Queensland Children's Respiratory Centre and Queensland Children's Medical Research Institute, Department of Respiratory Medicine, Royal Children's Hospital, Herston, QLD 4029, Australia.
Chest. 2010 Jul;138(1):158-64. doi: 10.1378/chest.09-2932. Epub 2010 Feb 19.
Longitudinal FEV(1) data in children with non-cystic fibrosis (non-CF) bronchiectasis (BE) are contradictory, and there are no multifactor data on the evolution of lung function and growth in this group. We longitudinally reviewed lung function and growth in children with non-CF BE and explored biologically plausible factors associated with changes in these parameters over time.

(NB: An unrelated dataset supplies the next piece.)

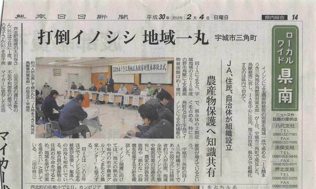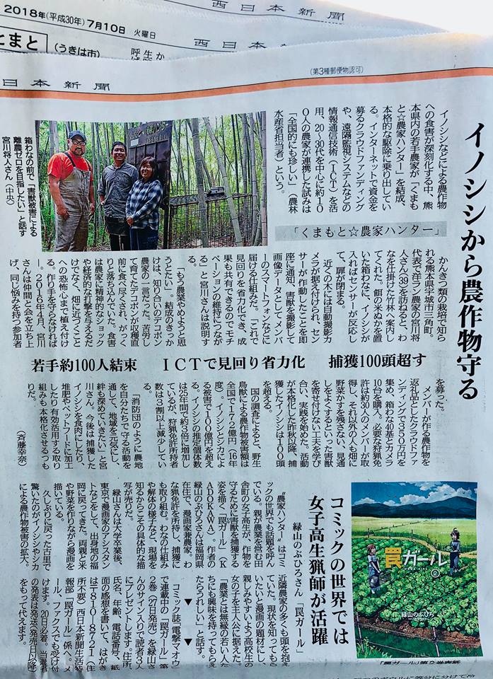 西日本新聞さんに私たちの活動を掲載していただきました。 さらに、先日直筆のサインをアップいたしました「罠ガール」の緑山先生。 ご自身も農家でありハンターである点が共通しており一緒に 掲載していただき光栄です。 「害獣被害による離農ゼロ」を目指してがんばって参ります。![]()

Fifty-two children with > or = 3 years of lung function data were retrospectively reviewed. Changes in annual anthropometry and spirometry at year 3 and year 5 from baseline were analyzed. The impact of sex, age, cause, baseline FEV(1), exacerbation frequency, radiologic extent, socioeconomic status, environmental tobacco smoke exposure, and period of diagnosis was evaluated.

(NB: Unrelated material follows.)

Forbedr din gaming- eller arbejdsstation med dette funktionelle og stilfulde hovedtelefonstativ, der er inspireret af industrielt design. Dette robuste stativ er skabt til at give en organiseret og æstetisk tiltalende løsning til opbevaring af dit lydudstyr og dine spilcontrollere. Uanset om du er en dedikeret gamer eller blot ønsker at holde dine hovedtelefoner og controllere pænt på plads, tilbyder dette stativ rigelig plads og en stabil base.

Over 3 years, the group mean forced expiratory flow midexpiratory phase percent predicted and BMI z-score improved by 3.01 (P = .04; 95% CI, 0.14-5.86) and 0.089 (P = .01; 95% CI, 0.02-0.15) per annum, respectively. FEV(1)% predicted, FVC% predicted, and height z-score all showed nonsignificant improvement. Over 5 years, there was improvement in FVC% predicted (slope 1.74; P = .001) annually, but only minor improvement in other parameters. Children with immunodeficiency and those with low baseline FEV(1) had significantly lower BMI at diagnosis. Frequency of hospitalized exacerbation and low baseline FEV(1) were the only significant predictors of change in FEV(1) over 3 years. Decline in FEV(1)% predicted was large (but nonsignificant) for each additional year in age of diagnosis.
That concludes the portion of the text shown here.